Originally Posted by CharlesJ
There are no peer reviewed Journal publications.
Papers published in the JAES (as opposed to JAES convention preprints and presentations) are peer-reviewed.
So that gives us at least these JAES papers up through Nov 2007 that discuss or use DBT methods:
The Great Debate: Subjective Evaluation
Volume 29 Number 7/8 pp. 482-491; July/August 1981
Authors: Lipshitz, Stanley P.; Vanderkooy, John
A polarization of people has occurred regarding subjective evaluation, separating those who believe that audible differences are related to measurable differences in controlled tests, from those who believe that such differences have no direct relationship to measurements. Tests are necessary to resolve such differences of opinion, and to further the state of audio and open new areas of understanding. We argue that highly controlled tests are necessary to transform subjective evaluation to an objective plane so that preferences and bias can be eliminated, in the quest for determining the accuracy of an audio component.

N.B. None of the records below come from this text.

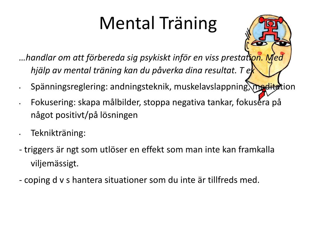 Mental Träning …handlar om att förbereda sig psykiskt inför en viss prestation. Med hjälp av mental träning kan du påverka dina resultat. T ex • Spänningsreglering: andningsteknik, muskelavslappning, meditation • Fokusering: skapa målbilder, stoppa negativa tankar, fokusera på något positivt/på lösningen • Teknikträning: - triggers är ngt som utlöser en effekt som man inte kan framkalla viljemässigt. - coping d v s hantera situationer som du inte är tillfreds med.
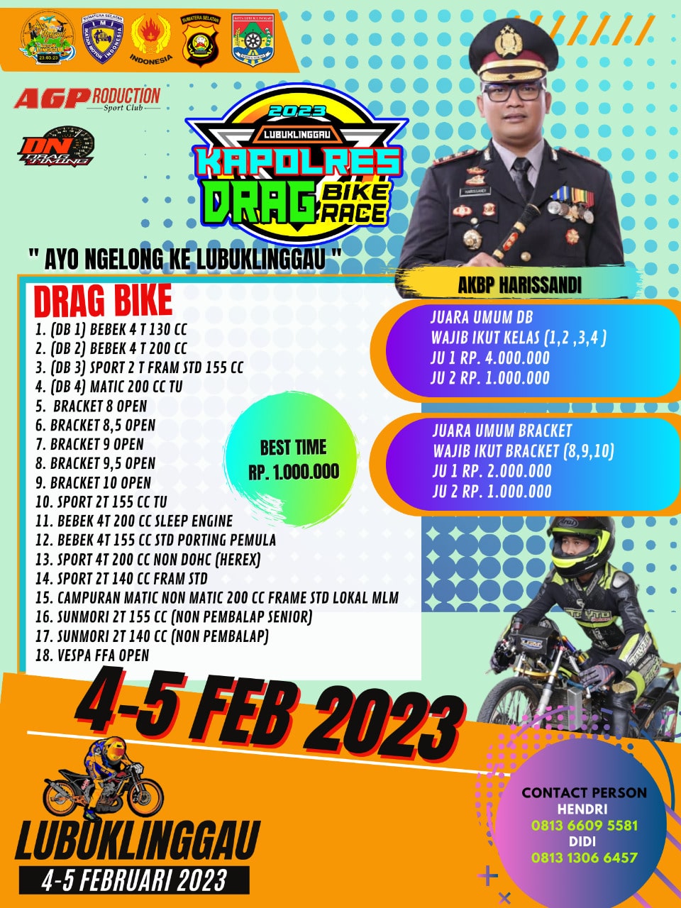 Memang kalau bicara event, AGP tidak pernah tanggung tanggung. Kali ini saja dirinya akan membuka 18 kelas bergengsi pada gelaran Kapolres Drag Bike Lubuklinggau. Panitia akan membuat 2 katagori yang nantinya akan ada katagori Juara Umumnya. Tidak hanya sampai disitu saja, ada juga hadiah best time untuk pebalap tercepat di event tersebut.
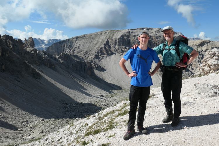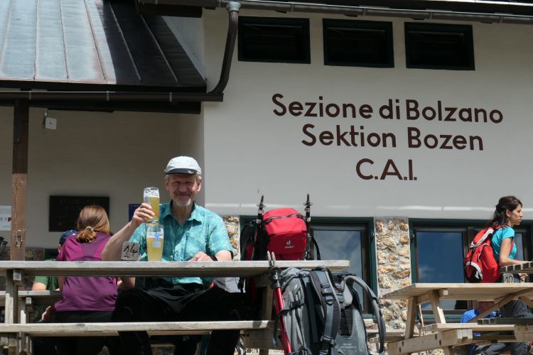 In der Puezhütte (2475m) hatten wir (nur) ein Mehrbettzimmer, dafür aber zusammen mit einem jungen Lehrerpaar (Simona u. Volker) aus dem südlichen Rheinland-Pfalz, mit denen wir schon seit den Tuxer Alpen zusammen gewandert sind.

In order for subjective tests to be meaningful to others, the following should be observed. (1) There must be technical competence to prevent obvious and/or subtle effects from affecting the test. (2) Linear differences must be thoroughly excised before conclusions about nonlinear errors can be reached. (3) The subjective judgment required in the test must be simple, such as the ability to discriminate between two components, using an absolute reference wherever possible. (4) The test must be blind or preferably double-blind. To implement such tests we advocate the use of A/B switchboxes. The box itself can be tested for audibly intrusive effects, and several embellishments are described which allow double-blind procedures to be used in listening tests. We believe that the burden of proof must lie with those who make new hypotheses regarding subjective tests. This alone would wipe out most criticisms of the controlled tests reported in the literature. Speculation is changed to fact only by careful experimentation. Recent references are given which support out point of view. The significance of differences in audio components is discussed, and in conclusion we detail some of our tests, hypotheses and speculations.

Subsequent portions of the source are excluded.